В конечном счете от пророчеств Маркса, противоречащих его же двум основным принципам - экономике и науке, осталось лишь страстное провозвестие некоего события, которое должно произойти в весьма отдаленном будущем. Любимой уловкой марксистов являются речи о затянувшейся отсрочке этого события и о том, что в один прекрасный день им будет оправдано все. Иначе говоря, мы находимся в чистилище, и нас уверяют, что ада не будет. В связи с этим возникает проблема иного порядка. Если борьбы одного или двух поколений в процессе благоприятного экономического развития достаточно для достижения бесклассового общества, то жертвы, приносимые участниками этой борьбы, вполне оправданны: ведь они видят будущее во вполне конкретном обличье, в облике своего ребенка, например. Но если не хватит и жертв многих поколений и мы должны вступить в бесконечную полосу разрушительных всемирных битв, нам придется искать опору в вере, чтобы научиться умирать и умерщвлять. Беда в том, что эта новая вера основывается на чистом разуме не в большей мере, чем все предыдущие.

Но как же все-таки представить себе этот конец истории?

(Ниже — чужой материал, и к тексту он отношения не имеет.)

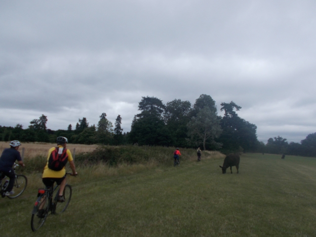 The 4th of July saw the second of my bike rides. We met at West Drayton and swiftly found our way northwards along the Grand Union Canal to the Slough Arm. This was my favourite part of the ride and my ulterior motive as we swept past High Line Yacht Brokers and I struggled to maintain concentration as the distraction of so many narrowboats for sale almost had me in the canal on more than one occasion. We soon found our way into Langley Country park through fields of stunning specimen woodland and the "Old Man of Langley" (thanks Kerry for your bountiful knowledge of the area) not to mention the odd cow or three who were more than accomodating as we delighted in the lack of stiles thus far. Into Black Park and around the lake we enjoyed the view and were ready for lunch but I decided to try and cover another mile or two before stopping and I thought I'd hit the jackpot when we stumbled on the Fox and Pheasant, which unfortunately turned out to be closed!
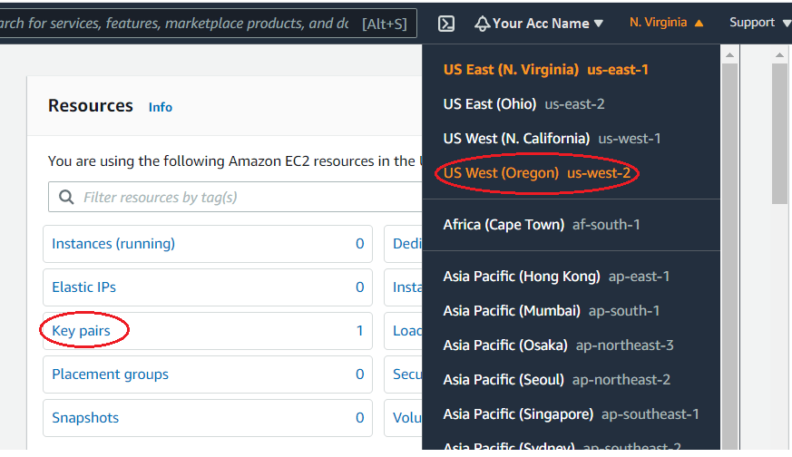 Создайте пару ключей EC2 для области AWS, где вы планируете получить данные. Пара ключей EC2 используется, чтобы соединиться с вашими экземплярами EC2 для отладки и получить состояние сбора данных.

В данном случае Маркс не прибегает к гегелевской терминологии. Он в достаточно темных выражениях говорит, что коммунизм - это всего лишь необходимая форма человеческого будущего, не исчерпывающая собой все совокупности будущего. Но коммунизм либо не завершает историю противоречий и страданий, и тогда непонятно, как им можно оправдать столько жертв и усилий; либо он является ее завершением, и тогда весь ее ход можно представить себе лишь как движение к этому совершенному обществу. И тогда в описание, претендующее на научность, произвольно вводится некое мистическое понятие. Окончательное исчезновение политической экономии, этого и любленного предмета Маркса и Энгельса, означает конец всякого страдания. Ведь экономика тождественна тяготам и несчастьям истории, исчезающим вместе с ней. И мы оказываемся в раю.

Невозможно разрешить эту проблему, сказав, что речь идет не о конце истории, а о скачке в иную историю. Эту иную историю мы можем представить себе только подобием нашей собственной; для человека обе эти истории слиты воедино К тому же и эта иная история предлагает нам ту же дилемму Либо она не является разрешением противоречий, и, значит мы страдаем и убиваем друг друга впустую; либо она раз решает их и практически завершает историю. На этой стадии марксизм может найти свое оправдание только в последнем Граде.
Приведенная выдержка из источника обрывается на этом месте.